What a beautiful world we live in.

More On Mel Gibson

I thought about writing a post about Mel Gibson and then I remembered that South Park had already said what I want to say.

These Are The People You Work With

Every office has at least one office pest. Here's RedEye's list of some of the worst offenders.

  • The Borrower: Always takes things from your desk, and you never see them again.
  • The Groper: Always finds a way to put a hand on your shoulder or brush against you in meetings.
  • The Close-talker: If she gets any closer you'd be making out.
  • The Fridge Foe: Better put a lock on that sandwich or else he'll steal it.
  • The Loud Speaker: Hasn't mastered the "inside voice" and talks so loud on the phone that you, too, have to live through all his personal and professional drama.
  • The Slow Joe: Takes an hour to explain something that should take a minute.
  • The Nervous Nelly: Twists her hair into dreadlocks, incessantly clicks her pen or constantly cracks her knuckles.
  • The Pontificator: Nothing's a simple "yes" or "no."
  • The Noisemaker: Whistling, tapping, sneezing, humming or performing some awful impression at all times.
  • The Copier: Don't worry about missing the latest hip catchphrase, you'll hear it every time you run into him, usually accompanied by the ol' finger pistols.
  • The Fish: Gives you the hated Limp Handshake and has the personality to match.
  • The Know It All: Puts in his 2 cents in all conversations, even if he's not involved. And he's always right, or else he'll keep talking. So, just agree with him.
  • The Whiner: Spends the entire shift complaining—about co-workers, workload, management, corporate policies. Yet he's worked there for years and probably will never, ever leave.
  • The Gossip: Always fanning the flames of office politics. Usually knows the latest scoop—but if not, makes it up
  • The Breather: Has perpetual bad breath and needs a mint especially after 2 p.m.
  • The Pre-Divorcee: Has daily fights on phone, for all to hear, about the messy divorce he or she is going through.
  • Click here for the full list.

    One More Reason Why Soccer is Inferior

    For all of the problems that US sports leagues have this is something that we gave up last century.

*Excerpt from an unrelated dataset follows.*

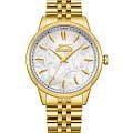 Женские кварцевые часы Slazenger SL.09.2373.3.05 – это сочетание элегантности, современного стиля и надёжности. Изящный корпус из суперметалла с IP-покрытиемIP-покрытиеМетод ионного напыления. Демонстрирует повышенную устойчивость к истиранию, окислению и химическим веществам. Под воздействием высокого давления и температуры около 1500°C молекулы металла надёжно соединяются с частицами корпуса часов. золотистого цвета, диаметром 34 мм и толщиной 9 мм, подчёркивает утончённость модели и делает их идеальным аксессуаром для любой ситуации – будь то деловая встреча, романтический вечер или повседневные выходы. Циферблат надёжно защищён минеральным стекломМинеральное стеклоМинеральное стекло представляет собой искусственно выращенный минерал кварца. Такое стекло отличается особой устойчивостью к повреждениям и царапинам. Уступает по некоторым качествам сапфировому стеклу., которое устойчиво к механическим повреждениям и сохраняет кристальную прозрачность. Браслет из суперметалла с IP-покрытиемIP-покрытиеМетод ионного напыления. Демонстрирует повышенную устойчивость к истиранию, окислению и химическим веществам. Под воздействием высокого давления и температуры около 1500°C молекулы металла надёжно соединяются с частицами корпуса часов. удобно облегает запястье и фиксируется с помощью раскладной застёжкиРаскладная застёжкаТакой тип застёжки используется только на браслетах из металла. Она никогда не раскрывается полностью, происходит разделение на 2 и более частей. Раскладывающая застёжка снизит вероятность потери часов к минимуму., обеспечивая надёжность и комфорт в повседневном ношении. Утончённый стиль, внимание к деталям и практичность делают эту модель идеальным выбором для современных женщин, ценящих эстетику и функциональность. Водозащита до 30 метров позволит защитить корпус от случайных брызг или капель дождя.

    "ZURICH, July 21 (Reuters) - Players who make racist remarks face a five-match ban while those found guilty of diving will miss at least two games under new rules announced by European soccer's governing body on Monday.

    UEFA's package of measures raises the mandatory three-match ban by two extra games for any player "who insults the human dignity of a person or group of persons, by whatever means, including grounds of colour, race, religion or ethnic origin".

    Clubs whose fans engage in racist or discriminatory conduct will receive a minimum fine of 19,000 euros ($24,230). For more serious breaches, UEFA said on its Web site that it may hand down punishments such as playing games behind closed doors.

    The governing body also said any extremist ideological propaganda is banned and could lead to the awarding matches by default, deducting points or disqualification from competitions.

    Those running the beautiful game have become increasingly worried about racism within the sport with FIFA, the world governing body, warning that national associations who fail to impose tough new rules on racism face suspension.

    RACIAL TAUNTS

    During the World Cup, French players alleged that they were racially taunted by Spanish fans and last year Real Zaragoza and Racing Santander fans racially abused Barcelona forward Samuel Eto'o during league matches and were subsequently fined.

    Rangers were also fined by UEFA for sectarian chants by their fans at a Champions League tie with Villarreal last year."



    Bras That Do Tricks

    You can blame this post on Attila. In truth I am not quite sure what the meaning is but like a good adolescent I saw the picture and started giggling.